Melvyn Bragg's Oxford Memoir: A Journey Through Class and Culture in 1950s Britain
Melvyn Bragg's Oxford Memoir: Class and Culture in 1950s

Melvyn Bragg's Oxford Odyssey: A Memoir of Transformation

In October 1958, a young Melvyn Bragg stood on Wigton railway station platform, bidding farewell to his childhood sweetheart Sarah as he embarked on a journey that would define his life. At nearly nineteen years old, Bragg was heading to Wadham College, Oxford, to read history, becoming one of the youngest in his cohort due to the phasing out of national service. This pivotal moment serves as the starting point for his latest memoir, Another World, which continues the narrative from his previous work Back in the Day about his Cumbrian upbringing.

Oxford: A Theatrical Landscape of Learning

To Bragg, Oxford initially appeared "more a theatre than a city, a spectacle rather than a habitation." After completing his preliminary examinations in his second term, he found himself with considerable freedom until his finals. This period became one of intellectual discovery and cultural immersion, where he explored the films of Ingmar Bergman and engaged in earnest pub debates about whether Pasternak would receive the Nobel Prize or if jazz truly surpassed rock'n'roll in artistic merit.

The young student's political consciousness awakened during these years as he participated in the Aldermaston march and joined the anti-apartheid movement. In retrospect, Bragg recognizes these activities were partly inspired by a residual faith in empire, viewing South Africa as Britain's moral responsibility. Even after the Suez Crisis, he maintained a pencil sharpener shaped like a globe where the empire appeared as "a continuous governing blur of pink."

Navigating Class and Conformity

Fortunately for Bragg's university experience but perhaps less so for narrative tension, he adapted remarkably well to Oxford life. The city's network of narrow streets and alleyways reminded him of his hometown Wigton, while Wadham's dining hall evoked memories of family holidays at Butlin's with its "shovel them in, feed them up and usher them out" ethos.

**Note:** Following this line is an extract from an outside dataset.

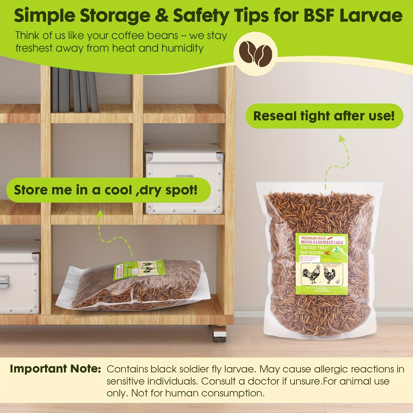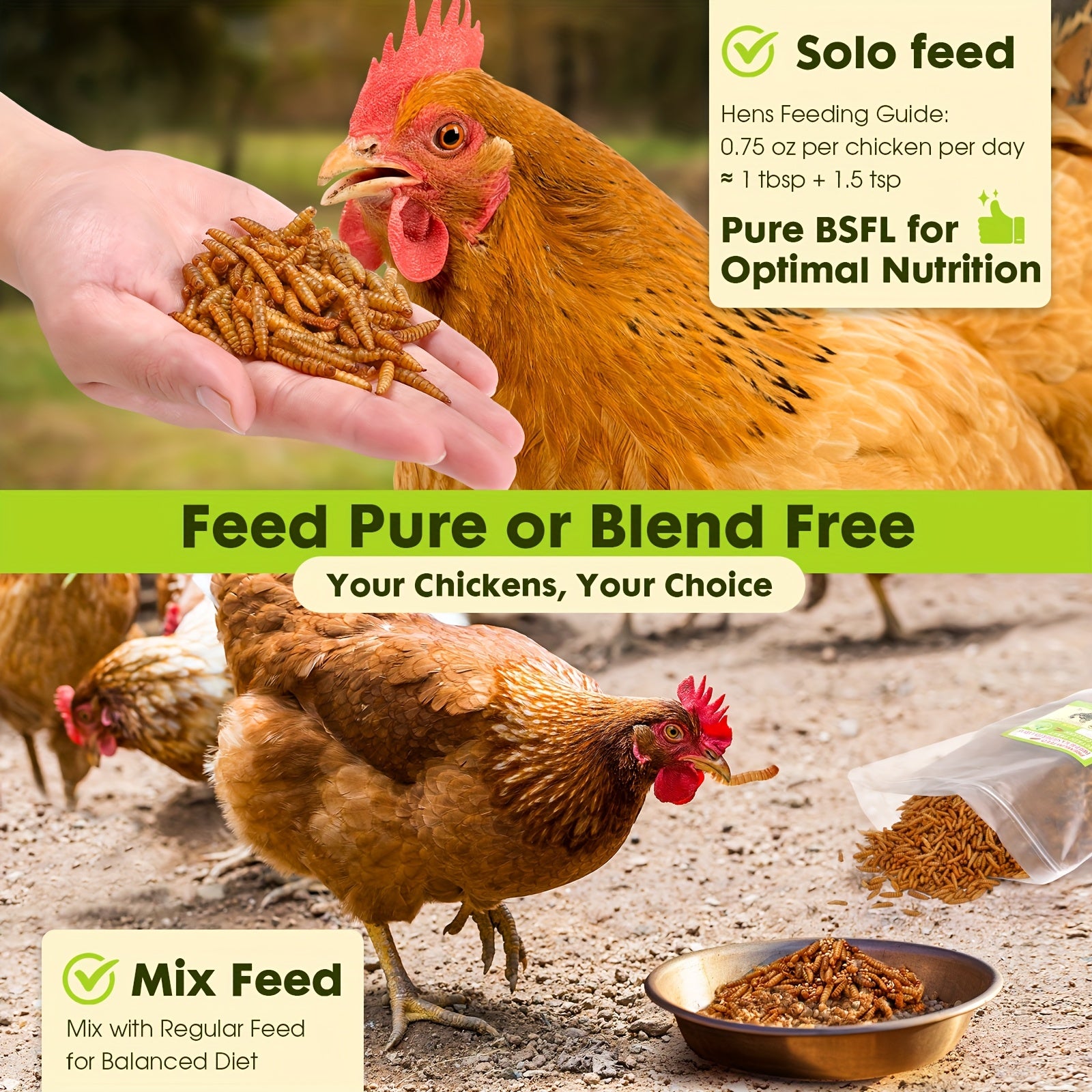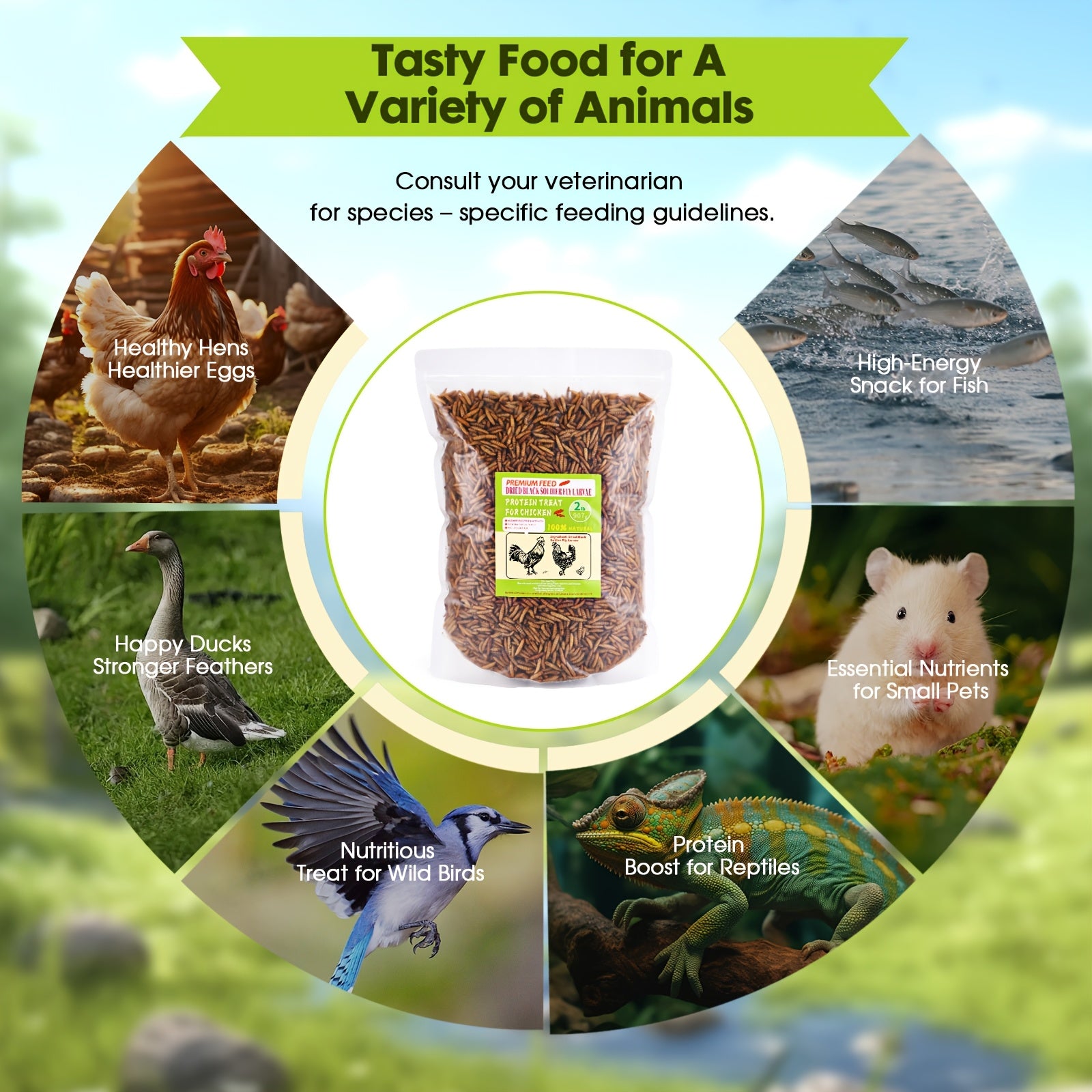 Rich in protein and essential nutrients, they boost the immune system, improve overall health, and promote fast feather regrowth during molting. Conveniently packed in a resealable bag for lasting freshness, this feed is suitable for a variety of animals and has a two-year shelf life.

Physical transformation accompanied this adaptation as Bragg abandoned his Elvis Presley-inspired quiff for the neat crop favored by his peers, adopting the unofficial undergraduate uniform of grey flannels or cords paired with sports jackets or blazers. His ability to connect with diverse personalities, from conventional Tories to artistic bohemians, served him well throughout his three years.

The Oxford Experience Through an Anthropological Lens

Another World shines brightest when Bragg employs his outsider perspective as an amateur anthropologist observing Oxford's unique culture. This was truly another world, existing before the great university expansion of the 1960s when the term "student" was scarcely used. Bragg proved particularly astute at reading the semiotics of his rooms overlooking the quad and interpreting the weekly tutorial dynamic with his tutor, early-modern historian Lawrence Stone.

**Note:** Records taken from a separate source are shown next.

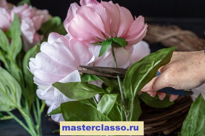 С помощью кусачек или тяжелых ножниц срежьте цветы, оставив около 7-8 см стебля. Для этого 45-сантиметрового венка мы использовали два куста искусственных пионов. На каждом из них было по 8 цветов.
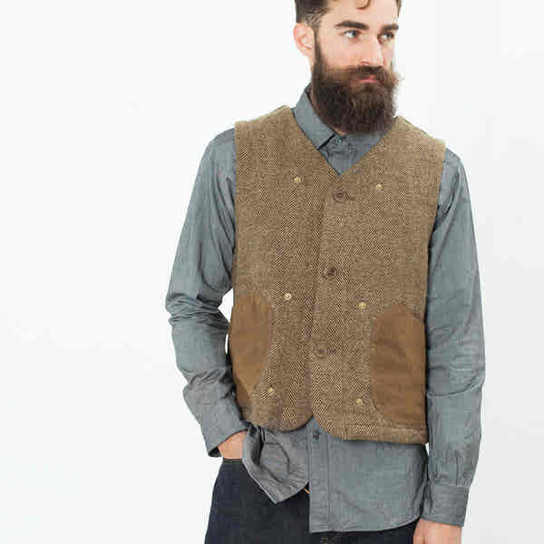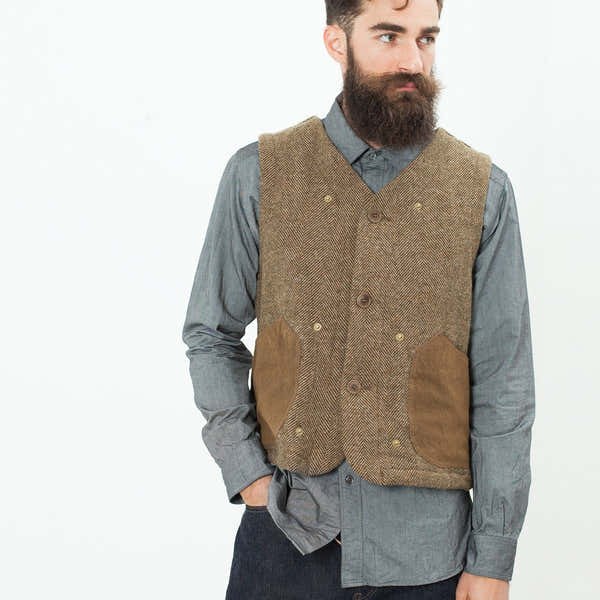 A herringbone tweed in a winter-weight wool the rugged Work Vest from Nigel Cabourn can be worn underneath the Aircraft jacket or alone. If worn with the Aircraft Jacket it will snap in at center front as a liner. Either way it's worn it will find years of use with the reinforced snaps and waxed cotton pockets. Two patch pockets in front and two in back. Color Tan. 100% Wool, 100% Cotton. Addis is wearing an Italian 50. Addis is 6’2”, Chest 38.5”, Waist 31”, Inseam 32”.
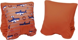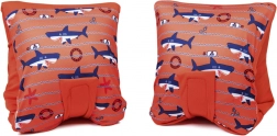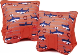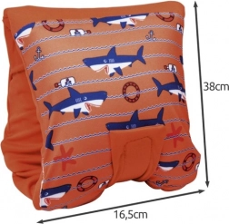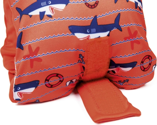 Živé oranžové provedení s veselými žraloky podporuje chuť dětí trávit čas ve vodě a zvyšuje viditelnost.

These tutorials involved reading essays aloud and awaiting reactions, which Bragg describes as resembling "the versicle and responses in medieval prayer." The book would have benefited from maintaining this anthropological focus throughout rather than transitioning into a more conventional autobiography format with digressions about his peers' subsequent careers.

Class Dynamics and University Life

Despite fitting in relatively smoothly, Bragg still encountered the British class system in subtle forms. Variations in dress codes revealed social standing, with cavalry twills serving as telltale signs of aristocratic background. Room allocations within college also reflected social hierarchies.

One memorable encounter brought Bragg face-to-face with future television dramatist Dennis Potter, who declared in his distinctive Gloucestershire accent: "They say there's three real working-class men here. There's me. And you. Where's the other bugger?" Bragg, however, distanced himself from the class resentment evident in Potter's 1960 book The Glittering Coffin, finding Oxford's class system largely suspended for scholarly purposes.

Aside from the Bullingdon Club's occasional casual cruelty, Bragg determined the university's snobbery was "neither bruising nor even mildly offensive" and "easy to ignore." His three years passed without major calamity, with his greatest challenges being an out-of-body experience while reciting Latin grace before dinner and a brief depressive episode following his breakup with Sarah.

A Portrait of the Young Broadcaster

Throughout Another World, the young Bragg emerges as a winning protagonist who shares qualities with his older self: thoughtful, open-minded, and generous in celebrating his contemporaries' talents while forgiving their shortcomings. His tutor Lawrence Stone proved scrupulous and kind, though college warden Maurice Bowra's admissions policy explanation—"Clever boys. Pretty boys. No shits!"—would certainly raise eyebrows today.

The memoir captures a specific moment in British history when traditional structures were beginning to shift but remained largely intact. Bragg's journey from Cumbria to Oxford represents not just geographical movement but social and intellectual transformation during Britain's late 1950s cultural transition.

Another World by Melvyn Bragg offers readers a nuanced portrait of university life during a transformative period, exploring themes of class, identity, and personal growth against the backdrop of a changing Britain.